YgorClustering is a header-only C++ implementation of the DBSCAN clustering algorithm. The implementation is specifically based on the article "A Density-Based Algorithm for Discovering Clusters" by Martin Ester, Hans-Peter Kriegel, Jörg Sander, and Xiaowei Xu in 1996. DBSCAN is generally regarded as a reliable clustering technique compared with techniques such as k-means (which is, for example, unable to cluster concave clusters).

Implementations of other clustering techniques are planned. At the moment only (vanilla) DBSCAN is implemented. It uses Boost.Geometry R*-trees for fast indexing. It can cluster 20 million 2D datum in around an hour, or 20 thousand datum in seconds.

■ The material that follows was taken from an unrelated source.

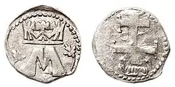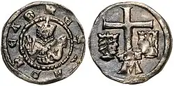 Initially, Tomasina had no official political role in Andrew's court and she was frequently styled as simply "the king's mother" (Latin: mater domini regis) in 1293. Nevertheless, she took part in decision making from the very beginning as one of the royal advisors of her son.[12] Her position and legal claim was strengthened by the fact that silver denarii were minted with her initial letter "M" and a crown shortly after her arrival to Hungary. Among these coins, three varians are known, two of them depicts the king and his mother (with crown) facing each other, between them a cross with the crown and letter "M" at the bottom. Although she was never crowned formally a "queen mother",[13][14] a separate queenly court had established around her person. For instance, she had her own count of the court (Atyusz Hahót), treasurer (Dominic Csák then Ladislaus Péc), chief steward (Lawrence Kórógyi) and cup-bearer (John Péc).[10][15] Andrew III donated the queenly estate of Segesd in Somogy County and other possessions to Tomasina to cover the costs of her household, thus she benefited from the traditional queenly possessions.[16] Only a non-authentic charter refers to her as "Duchess of Whole Slavonia and Lady of the Maritime Province" (Latin: ducissa totius Sclavonie et maritimarum partium principissa) with the date 1293.[12] In this document, Andrew III made a gesture by naming Paul Šubić the hereditary ban of Croatia and Dalmatia on condition of faithful service to the king and his mother. Its authenticity is accepted by some Croatian historians.[10] She styled himself simply "the king's mother" still in early 1295, when donated the estate Szob – a portion of the Segesd lordship prior to that – to ispán Ladislaus Tengerdi.[17]

The source is available here and is released under a GPLv3 or later license. Please send questions or comments to . Or, even better, send a pull request ☺.


The included test programs perform clustering on various types of data. The fourth example uses Boost.Filesystem and Boost.DateTime to cluster a collection of photos based on the modification time. It can detect clusters of photos including vacations, rapid-fire photos, or multi-year photo-taking behaviour depending on the choice of tuning parameters.

The below video shows a simple 2D clustering example using random data. Different types of clusters are detected when the tuning parameters are tweaked; the video transitions between epsilon 4.5 and 6.0 (arbitrary spatial units).